* What to work on
When you reach the line containing "This poster features" in the entries below, begin reproducing lines exactly, and stop once the line containing "This women's distressed" is done.

* Records shown
━━━━━━

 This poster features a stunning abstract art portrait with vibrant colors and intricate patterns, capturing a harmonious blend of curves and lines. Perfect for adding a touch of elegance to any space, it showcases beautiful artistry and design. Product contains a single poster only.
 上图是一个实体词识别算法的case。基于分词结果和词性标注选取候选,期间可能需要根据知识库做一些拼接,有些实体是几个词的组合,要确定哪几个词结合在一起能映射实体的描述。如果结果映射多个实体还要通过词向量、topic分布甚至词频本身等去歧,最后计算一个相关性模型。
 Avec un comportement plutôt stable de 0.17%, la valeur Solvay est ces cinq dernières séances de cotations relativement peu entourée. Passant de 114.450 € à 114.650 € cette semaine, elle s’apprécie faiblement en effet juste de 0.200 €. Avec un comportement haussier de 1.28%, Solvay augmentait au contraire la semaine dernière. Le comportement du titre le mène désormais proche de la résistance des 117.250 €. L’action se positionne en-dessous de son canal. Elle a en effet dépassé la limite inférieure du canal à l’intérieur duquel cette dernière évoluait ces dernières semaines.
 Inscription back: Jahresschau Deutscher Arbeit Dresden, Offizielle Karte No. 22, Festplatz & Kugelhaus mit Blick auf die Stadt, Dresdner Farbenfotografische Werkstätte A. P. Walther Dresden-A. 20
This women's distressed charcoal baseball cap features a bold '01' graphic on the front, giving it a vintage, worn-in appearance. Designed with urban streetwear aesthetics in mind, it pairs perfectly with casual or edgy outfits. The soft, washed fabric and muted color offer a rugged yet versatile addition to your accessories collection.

━━━━━━

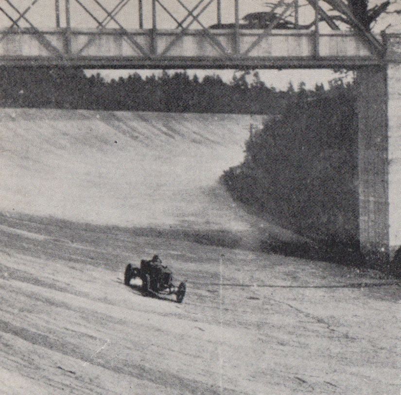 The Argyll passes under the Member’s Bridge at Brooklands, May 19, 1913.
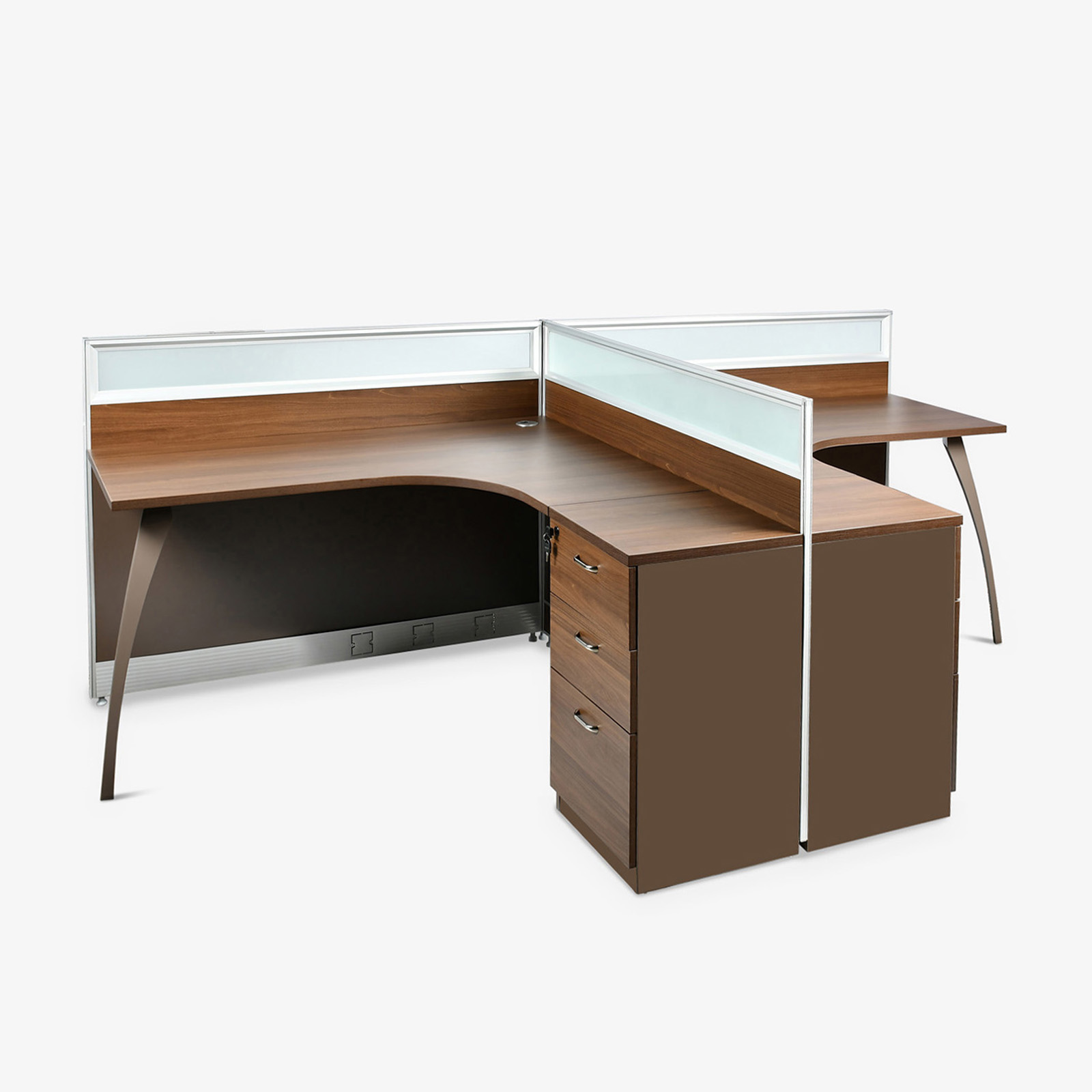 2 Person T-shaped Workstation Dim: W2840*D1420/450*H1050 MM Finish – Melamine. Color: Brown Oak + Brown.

━━━━━━

* Answer box
 This poster features a stunning abstract art portrait with vibrant colors and intricate patterns, capturing a harmonious blend of curves and lines. Perfect for adding a touch of elegance to any space, it showcases beautiful artistry and design. Product contains a single poster only.
 上图是一个实体词识别算法的case。基于分词结果和词性标注选取候选,期间可能需要根据知识库做一些拼接,有些实体是几个词的组合,要确定哪几个词结合在一起能映射实体的描述。如果结果映射多个实体还要通过词向量、topic分布甚至词频本身等去歧,最后计算一个相关性模型。
 Avec un comportement plutôt stable de 0.17%, la valeur Solvay est ces cinq dernières séances de cotations relativement peu entourée. Passant de 114.450 € à 114.650 € cette semaine, elle s’apprécie faiblement en effet juste de 0.200 €. Avec un comportement haussier de 1.28%, Solvay augmentait au contraire la semaine dernière. Le comportement du titre le mène désormais proche de la résistance des 117.250 €. L’action se positionne en-dessous de son canal. Elle a en effet dépassé la limite inférieure du canal à l’intérieur duquel cette dernière évoluait ces dernières semaines.
 Inscription back: Jahresschau Deutscher Arbeit Dresden, Offizielle Karte No. 22, Festplatz & Kugelhaus mit Blick auf die Stadt, Dresdner Farbenfotografische Werkstätte A. P. Walther Dresden-A. 20
This women's distressed charcoal baseball cap features a bold '01' graphic on the front, giving it a vintage, worn-in appearance. Designed with urban streetwear aesthetics in mind, it pairs perfectly with casual or edgy outfits. The soft, washed fabric and muted color offer a rugged yet versatile addition to your accessories collection.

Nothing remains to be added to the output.